SAMJ, S. Afr. med. j. vol.109 no.10 Pretoria oct. 2019

http://dx.doi.org/10.7196/samj.2019.v109i10.14073 

IN PRACTICE
ISSUES IN PUBLIC HEALTH

 

Figures of the dead: A decade of tuberculosis mortality registrations in South Africa

 

 

M LovedayI, II; Y N MzobeIII; Y PillayIV; P BarronV

IPhD; Health Systems Research Unit, South African Medical Research Council, Durban, KwaZulu-Natal, South Africa
IIPhD Centre for the AIDS Programme of Research in South Africa, Nelson R Mandela School of Medicine, University of KwaZulu-Natal, Durban, South Africa
IIIMA; Health Systems Research Unit, South African Medical Research Council, Durban, KwaZulu-Natal, South Africa
IVPhD; National Department of Health, Pretoria, South Africa
VBCom, FFCH (SA); School of Public Health, Faculty of Health Sciences, University of the Witwatersrand, Johannesburg, South Africa

Correspondence

 

 


ABSTRACT

South Africa (SA) is committed to reducing tuberculosis (TB) mortality rates in line with the World Health Organization's End TB Strategy and the Sustainable Development Goal (SDG) targets. From mortality reports released by Statistics South Africa, this study analysed reported TB mortality in SA from 2006 to 2016 to inform our understanding of TB mortality and the development of strategies needed to attain the SDG targets. TB mortality includes all deaths reported to the Department of Home Affairs with TB reported as the underlying cause of death based on the 10th revision of the International Statistical Classification of Diseases and Related Health Problems (ICD-10) definition. Although TB remains the leading cause of death, TB mortality rates in SA have fallen substantially in the past decade. From 2006 to 2016, the number of deaths due to TB plummeted from 76 881 to 29 399 and the proportion of all-cause mortality due to TB more than halved from 13% to <6%. Furthermore, the profile of people dying from TB has changed, with a decrease in the proportion of children aged <15 years, adults of reproductive age (15 - 49) and women, and an increase in the proportion aged >50. This change has largely mirrored the overall pattern of deaths in SA, with large decreases in deaths in adults aged 15 - 49, especially women, thought to be because of the scale-up of the antiretroviral treatment programme for HIV. The End TB Strategy target of a 95% reduction in TB mortality by 2035 is achievable in SA. However, sustained effort in high-risk groups together with improved vital registration data are needed to ensure attainment of the target.


 

 

Although preventable and treatable, tuberculosis (TB) remains one of the top 10 causes of death worldwide, causing more deaths than HIV/AIDS.[1] In 2017, an estimated 10.0 million people developed TB disease and an estimated 1.8 million deaths were attributed to TB.[1] One of the Sustainable Development Goals (SDGs) is to end the global TB epidemic.[2] To achieve this aim, the End TB Strategy has set targets related to TB mortality, starting with a 35% reduction in TB deaths by 2020, reaching a 95% reduction by 2035.[3] Although the global TB mortality rate is declining, it is likely that many countries will fail to reach these targets and end the TB epidemic by 2035.[4]

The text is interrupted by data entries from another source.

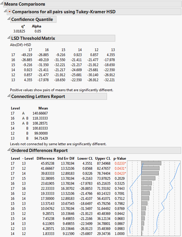 In Figure 6.18, the Tukey-Kramer HSD Threshold matrix shows the actual absolute difference in the means minus the HSD. This value represents the difference that would be significant. Pairs with a positive value are significantly different. The q* (appearing above the HSD Threshold Matrix table) is the quantile that is used to scale the HSDs. It has a computational role comparable to a Student’s t.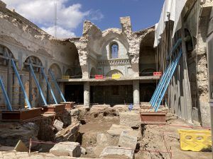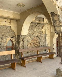 Paseando entre las ruinas de esta parte de la ciudad llegamos a la plaza de las cinco iglesias. Allí entre sus ruinas al lado de la Iglesia de Al Tahira el Papa ofició la misa en su paso por Mosul en el 2021. Pudo ver el precio que ha pagado Mosul a causa del Estado Islámico.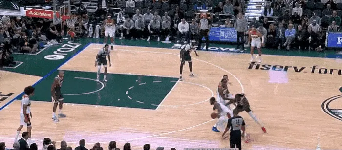 NBA常規(guī)賽,雄鹿對陣奇才的到底比賽正在進行中。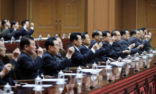 Quan chức tham gia phiên họp Hội đồng Nhân dân Tối cao Triều Tiên hôm 11/4. Ảnh: KCNA.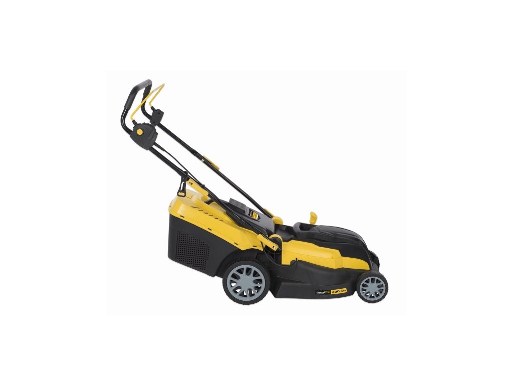 Elektrická sekačka 2000W 420mm. , Napětí - 230 - 240V / 50Hz, Příkon - 2.000 W, Otáčky naprázdno - 3.450 min-1, Záběr sečení - 420 mm, Centrální nastavení výšky - 25-80 mm, Objem koše - 40 L, Velikost předních kol - 150 mm, Velikost zadních kol - 225 mm, Hmotnost - 13,5 kg...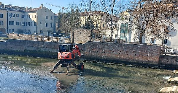 L’intervento, che ha ottenuto il parere favorevole da parte di Genio Civile di Treviso, Ente Parco Sile e Soprintendenza Archeologica si è reso necessario per agevolare i flussi idraulici da monte mediante la rimozione di fanghi accumulatisi nel tempo (l’ultimo scavo risaliva infatti al 2003). Dall'analisi di questi ultimi sono stati trovati rifiuti della categoria normali, per questo verranno solo essicati e smaltiti in una discarica comune. (Continua dopo la gallery...) Dopo la chiusura dei canali per l’abbassamento dei livelli delle acque per consentire i lavori di escavazione dell’alveo, si procederà all’asporto del limo di fondo per uno spessore di 40-50 centimetri nei punti di accumulo, e in seguito alla pulizia dei sottoponti mediante particolari attrezzature “canal-jet” per arrivare infine allo smaltimento del rifiuto fangoso.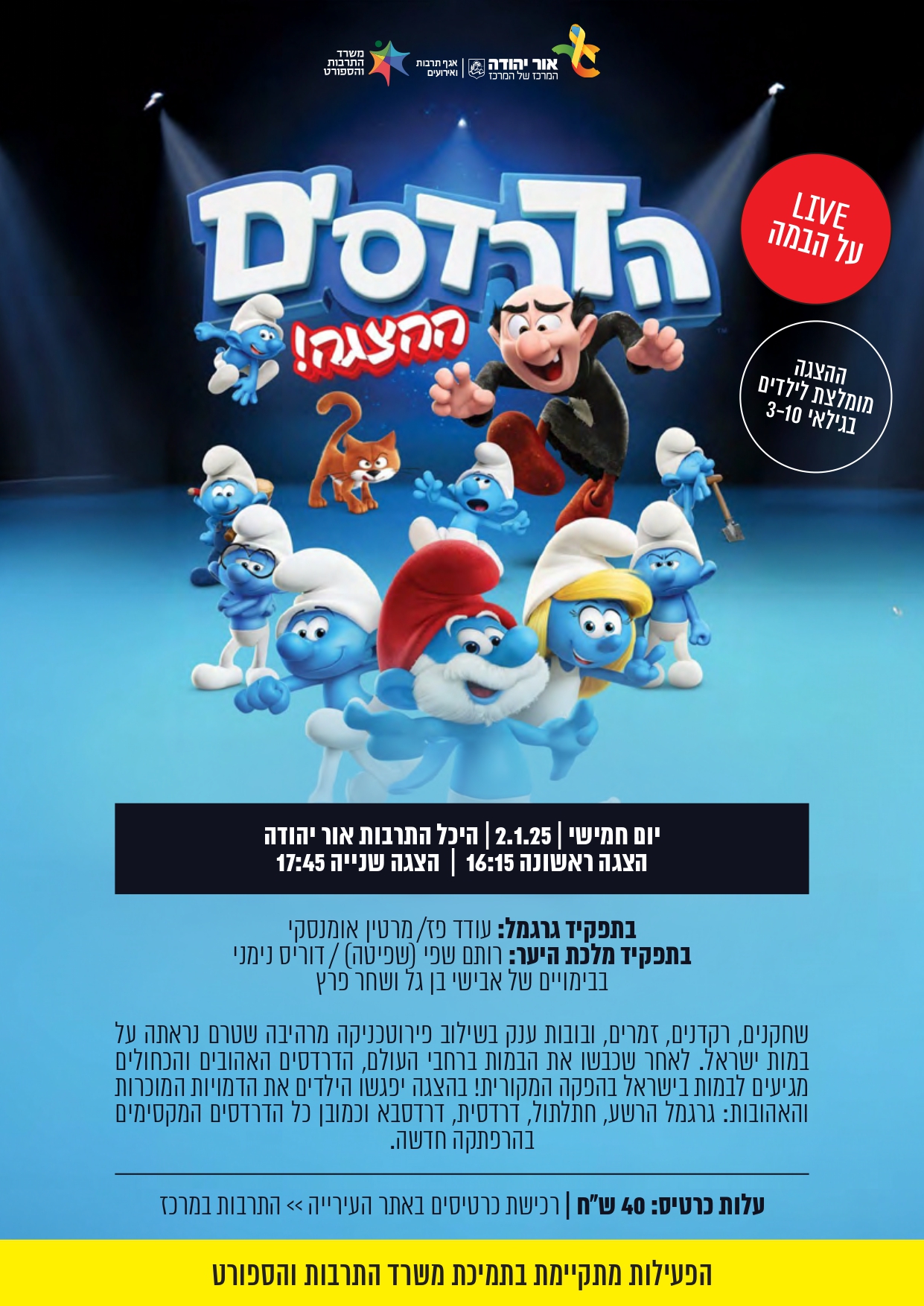 הצגה ראשונה 16:15 | הצגה שנייה 17:45

Since the emergence of HIV in South Africa (SA), the burden of TB, together with TB mortality, has been influenced by HIV and the extent of antiretroviral therapy (ART) provision, and much of the reduction in TB-related mortality has been due to increased ART provision.[5] However, as TB mortality remains high, further investigation and understanding of who is dying of TB are needed so that we can channel our energy and resources into areas most likely to yield significant gains, enabling us to reach the targets of the End TB Strategy.

All deaths in SA are required to be notified to the Department of Home Affairs via the death certification process. Death certificates are analysed by Statistics South Africa and compiled into official annual mortality reports describing the location of deaths (province), ages and causes of death. We analysed TB-related mortality in SA over the past decade to inform our understanding of TB mortality and the development of strategies needed to end the TB epidemic by 2035.

 

Methods

We retrospectively analysed the 10 death reports for SA released by Statistics South Africa from 2008 to 2018 on mortality data for the period 2006 - 2016. We extracted data focused on TB as the cause of death and linked this information to place and age of death. No ethical approval for this study was necessary, as only secondary data available in the public domain were used.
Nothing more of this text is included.